In 2023, Zhou et al. reported the first blind randomized controlled trial to evaluate the effects of VMS on neurodevelopment, as well as the gut microbiome and metabolome.Citation19 The study enrolled a total of 76 infants, who were randomly assigned to three group: the VMS group (n = 35), the CS group (n = 41), and an additional reference control group of 33 VD infants. Vaginal samples were collected from all mothers and stool samples were obtained from the infants at four time points (days 3, 7, 30 and 42). Neurodevelopmental assessments were conducted using the babies’ Ages and Stages Questionnaire, Third Edition (ASQ-3), with total score and subdomain scores at 3 and 6 months. The safety of VMS was evaluated as the primary outcome, and it was found that the incidence of adverse events were not significantly different between the VMS and control group. Interestingly, infants in the VMS group showed significantly higher total ASQ-3 scores at 3–6 months compared to the CS group, representing an approximate 10% increase. Furthermore, VMS was found to promote the maturation of the gut microbiota in CS infants within the 42 days of life, bringing it significantly closer to that of VD infants. The effect was characterized by an increase in beneficial bacteria such as Lactobacillus, Bifidobacterium, and Escherichia, as well as a reduction in opportunistic pathogens including Klebsiella. Additionally, VMS increased the levels of 15 gut metabolites, including L-lactic acid, homovanillic acid, and indolelactic acid, which were reported to associate with mental disorders.Citation20 These results suggest that VMS might affect neurodevelopment in CS infants through the modulation of the gut microbiota and related metabolites. Importantly, this study is the first to employ a blinded design to investigate the effects of VMS and has identified phenotypic differences. However, it also highlights the need for future research with hard clinical endpoints and expanded sample sizes studies to validate these findings.

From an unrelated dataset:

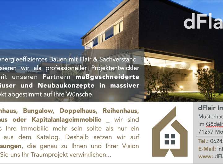 • Mit unseren Partnern gibt es keine unveränderbaren Typenhäuser, somit sind wir in der Lage sämtliche Bauherrenwünsche umzusetzen und an alle Bebauungsvorschriften anzupassen.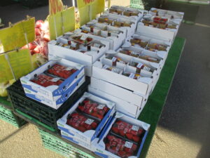 本日も白菜、大根、キャベツ、人参などの地元野菜の他、果物ではみかん、リンゴ、苺などを入荷しております。

Notably, the trials on VMS do not always show beneficial effects on the infants. In 2022, Liu et al. reported a randomized controlled trial to investigate the effects of VMS on gut microbiota, growth, and allergy risk in CS infants.Citation21 The study included 117 mother-infant pairs, with 57 assigned to the VMS group and 60 to the control group. Meconium samples were collected from all infant, and measurement of their length and weight were taken. Fecal samples were collected at 6, 12, 18, and 24 months and allergen-specific IgE levels were assessed in infant serum at 18 months. The results revealed no statistically significant differences between the two groups in terms of BMI, BMI z-scores, total allergy risk, experienced allergic symptoms, or diagnosed with allergic diseases at any of the four time points assessed(6, 12, 18, and 24 months). Furthermore, the relative abundance of dominant phyla (Proteobacteria, Firmicutes, Bacteroidota, Actinobacteriota) in both meconium and fecal samples were similar between the two groups at all four time points, and there were no significant differences observed in microbial community richness or diversity. However, at 6 months, a slightly higher relative abundance of genera Lactobacillus and Bacteroides was observed in the VMS group. The researchers suggested that there may be differences during the early critical window that they did not include in their study design. Additionally, factors such as the preparation and testing of maternal vaginal fluids gauze, infant feeding mode, and the impact of COVID-19 pandemic might also affect their results.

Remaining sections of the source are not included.